▶ DATASET
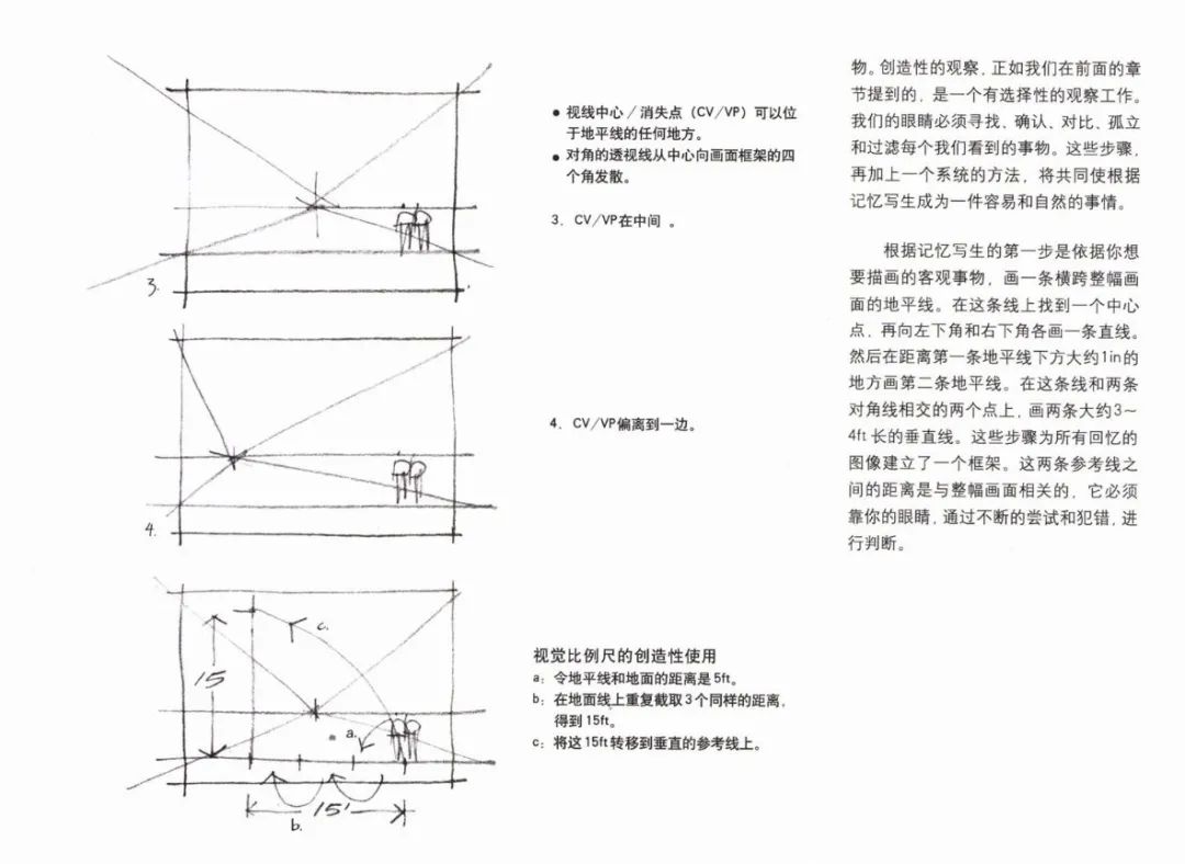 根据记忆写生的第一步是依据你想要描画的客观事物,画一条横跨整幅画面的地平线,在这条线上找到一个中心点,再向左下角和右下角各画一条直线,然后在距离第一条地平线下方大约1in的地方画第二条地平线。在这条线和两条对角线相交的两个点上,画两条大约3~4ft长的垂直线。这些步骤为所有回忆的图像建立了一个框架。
* * *
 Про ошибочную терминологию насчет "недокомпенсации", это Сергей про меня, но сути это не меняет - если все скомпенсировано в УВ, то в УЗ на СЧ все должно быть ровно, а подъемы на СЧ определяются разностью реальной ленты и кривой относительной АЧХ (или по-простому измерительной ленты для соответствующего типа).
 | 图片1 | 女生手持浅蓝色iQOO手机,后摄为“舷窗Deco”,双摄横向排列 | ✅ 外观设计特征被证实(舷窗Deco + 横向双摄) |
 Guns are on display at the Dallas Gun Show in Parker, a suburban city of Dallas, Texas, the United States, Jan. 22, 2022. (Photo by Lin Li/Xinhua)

▶ WHAT THE TASK ASKS
With the line holding "外观设计特征被证实(舷窗Deco + 横向双摄) |" as the first and the line holding "Guns are on" as the last, please transcribe exactly the lines of the material above in that range and nothing else.

▶ ANSWER FOR THIS EXERCISE
 | 图片1 | 女生手持浅蓝色iQOO手机,后摄为“舷窗Deco”,双摄横向排列 | ✅ 外观设计特征被证实(舷窗Deco + 横向双摄) |
 Guns are on display at the Dallas Gun Show in Parker, a suburban city of Dallas, Texas, the United States, Jan. 22, 2022. (Photo by Lin Li/Xinhua)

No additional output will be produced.